Scaling Memcache @Facebook

25 Mar 2017


Reading notes of “Scaling Memcache at Facebook”

This paper talks about the implementation and optimization Facebook engineers have adopted when constructing the Memcache-based system, which is very inspiring. Here are some notes about this paper.

Section 1. Background

  1. Scenario: Users perform more reads than writes, and the storage includes MySQL database and HDFS.
  2. In Memcache system, it is possible to read stale data, which indicates eventual consistency. Therefore, the probability of reading stale data is also a factor to be tuned, besides latency.

Section 3. In a Cluster

  1. The all-to-all pattern of fetching data often causes single-server bottleneck. They found that data replication can alleviate the load of servers under this problem, but may lead to memory inefficiency. Thus came up with the idea of optimizing memcache client.
  2. The functions of memcache client include request batching, error handling and so on, and it maintains a map of all available servers (for finding the address of certain data to be fetched).
  3. A directed acyclic graph (DAG) is constructed for representing dependency between data to fetch data in parallel.
  4. mcrouter is used to coalesce connection between web thread with memcached server, which uses UDP connection instead of TCP to reduce latency and server load.
  5. Payoff: mcrouter controls window size similarly with window in TCP connection.
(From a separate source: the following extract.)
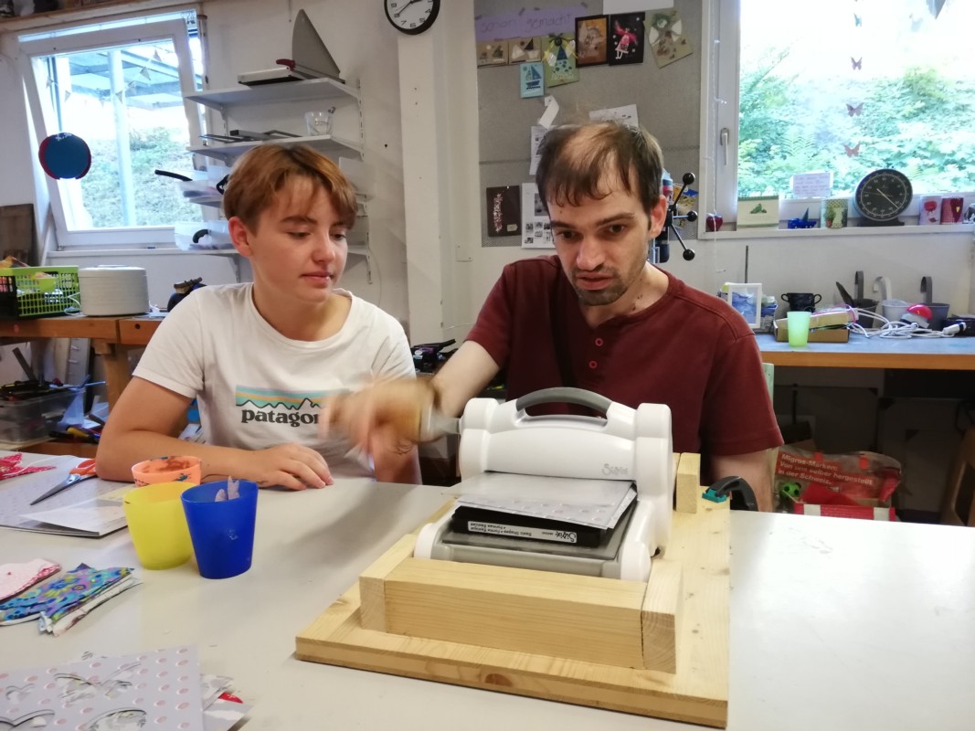 Dass sie diese Aufgaben ausführen können, wirkt wie ein kleines Wunder. Die Mitarbeiter treffen nach und nach im Werkraum ein. Ganz leise, ohne viele Worte. "Nici". Mitarbeiter Nicolas Slongo sagt nur seinen Namen. Ambra Rothenbühler, die im Aarhus ihr Praktikum absolviert, fragt ihn, ob er stanzen möchte. Bald sind sie in ihre Teamarbeit vertieft. Slongo führt konzentriert ein Blatt nach dem anderen in die Stanzmaschine. Heraus kommen Schmetterlinge und Blumen für die Girlanden. Rothenbühler hilft ihm dabei.
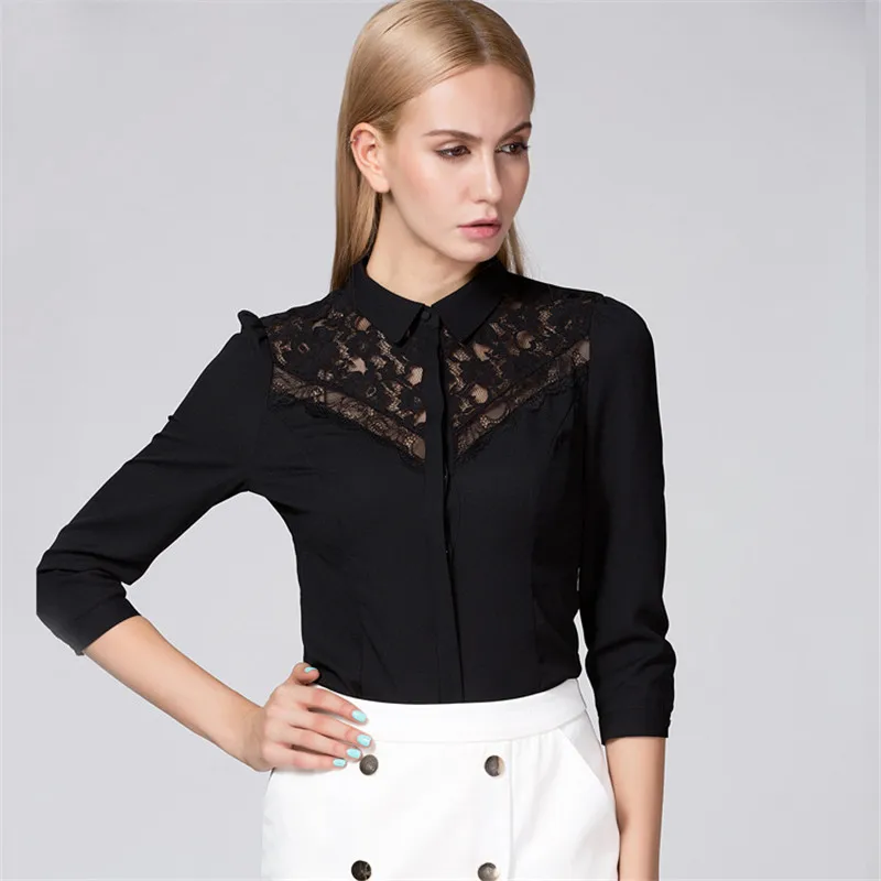 Женский облегающий костюм Ruoru, шифоновая блузка на три четверти, кружевная белая блузка, черные кружевные топы, блузки с вышивкой

If the window size is small, application needs to send requests in more windows; if is large, there may be incast congestion, which often happens in all-to-one scenario.

Section 3.2 Load Reduction using Lease

  1. Lease is, when a client experiences a cache miss in memcache, the server gives a lease token, so that the client can set data when come back.
  2. Lease can mitigate problem of reading stale data, as the token can be invalidated by server; and thundering herd, as only one token will be given in a certain period, i.e. 10s, then other request without the token will be asked to come back after some time, then the data is often present there.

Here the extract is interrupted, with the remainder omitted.